Putty & Prop Plug -- what is the highest Baud rate feasible?
Hi all,
I'm messing about with a serial driver I'm writing and I'm trying to push the speed up to it's maximum Baud rate. I'm using a Prop Plug (circa 2009 ish) and Putty for my terminal software.
Now, Putty seems to be very happy writing out data at 2,000,000 baud, but push it any further than that and the actual rate measured suddenly falls back to what appears to be 115200 Baud.
I think that the Prop Plug is not to blame (because all the bytes do seem to appear, just at a much lower rate than expected).
Can someone just quickly check to see how fast they can run Putty's serial Baud rate?
I'm using 8 data bits, no parity, 1 stop bit, no flow control.

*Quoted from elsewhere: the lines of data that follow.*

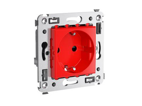 • Розетка в стену, 2P+E, с з/ш, "Avanti", "Красный квадрат" DKC
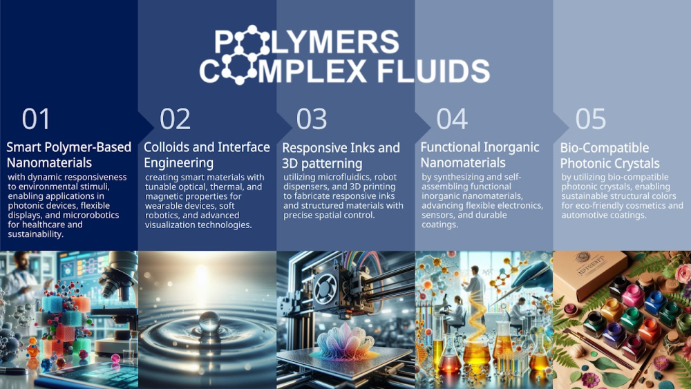 친환경고분자, 콜로이드, 액정엘라스토머, 3D프린터, 마이크로로봇, 센서, 광감응성스마트소재, 탄소복합재료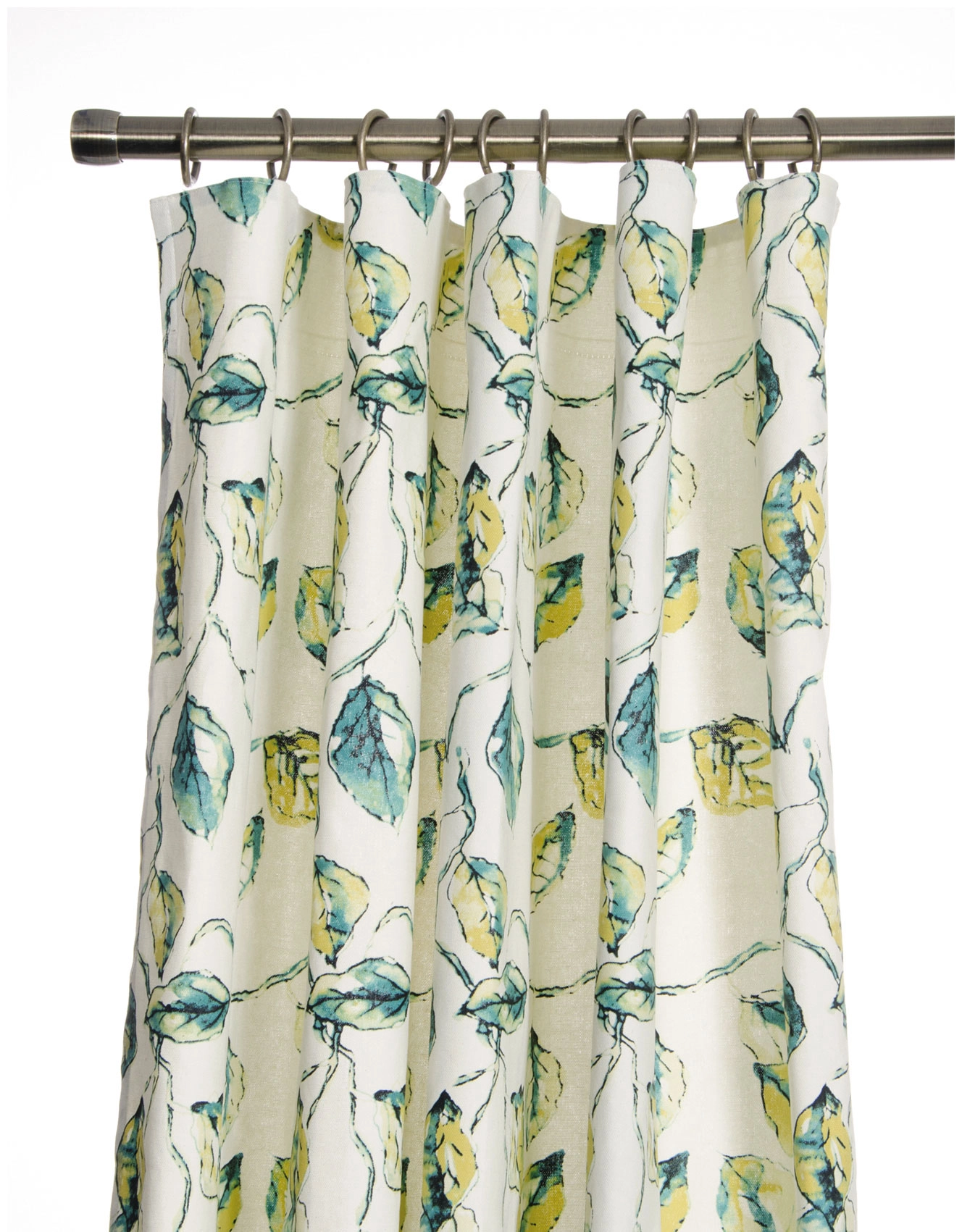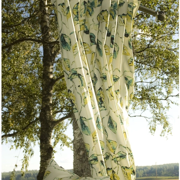 Curtain in hand-painted leaf pattern. 100% cotton. Also available as a matching pillowcase and pull-up curtain. The curtain features Hasta’s multi-purpose curtain tape, which means that you can set up the curtain in four different ways – the modern wave setup for hotel waves, pleated curtain with deep pleat hooks, beautifully gathered curtain with wave/rufflette hook and directly onto the rod using ready to hang loops.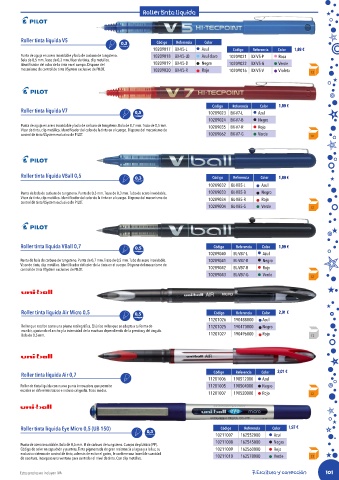 mecanismo de control de tinta VSystem exclusivo de PILOT. 10209020 BX-V5-R Rojo 10209016 BX-V5-V Violeta 12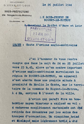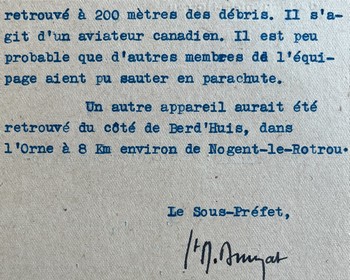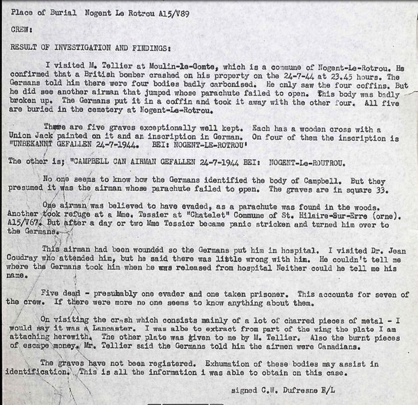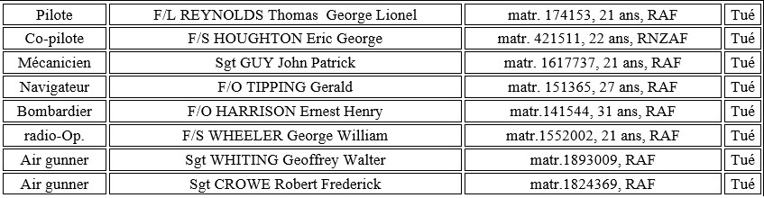 Le sort de l'équipage Cinq membres d'équipage trouvèrent la mort et leurs corps furent inhumés à Nogent-le-Rotrou, où ils demeurent aujourd'hui encore.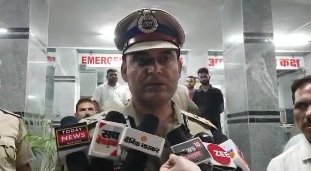 बड़गांव: उदयपुर के एमबी अस्पताल में घायल पुलिसकर्मियों से मिलने के बाद प्रतिक्रिया देते रेंज आईजी ए पी लांबा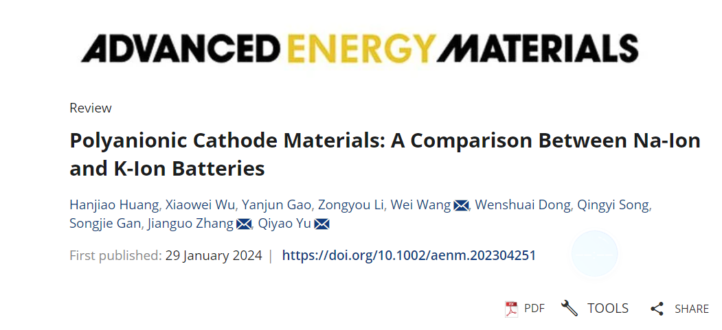 近日,350vip8888新葡的京集团张建国教授团队在国际顶级期刊《Advanced Energy Materials》(影响因子27.800)发表题为《Polyanionic Cathode Materials: A Comparison between Na-ion and K-ion Batteries》的综述(DOI: 10.1002/aenm.202304251),文章综述了聚阴离子正极材料在钠/钾离子电池中的结构和性能上的差异。本单位通讯作者为张建国教授、于琪瑶副教授,第一作者为350vip8888新葡的京集团2022级硕士生黄瀚蛟。

If it turns out to be a bug / limitation in Putty then I'll have to find a faster terminal program, which is fine I guess.
Comments
The Ft232 can run at 3mbaud, and I think putty is 921600
I know I run PST on the prop at 1_000_000 baud, but 2_000_000 it gets funky
Usually modern Terminal programs will pass to the driver any baud rate you type in, (eg I have a UART+Terminal here that accepts and delivers 7868852 as valid) and the vendor drivers will then decode what they consider legal.
Ideally a driver rounds correctly to the nearest granular baud value, but some jump to a default value, if given something they do not understand.
Way back, FTDI allowed a kludge of baud aliasing, so maybe you have bumped into that ?
http://ftdichip.com/Documents/AppNotes/AN232B-05_BaudRates.pdf
Now that is interesting. I'll have a look at this tomorrow. Thanks for the info
Not sure about the Prop plug, but the limits of Real-Term (or the UART on my PC) are at 2 MB. I have a PIC16F15324 running at 4 MB talking to another PIC without any issue, I imagine the Prop can at least do the same speed.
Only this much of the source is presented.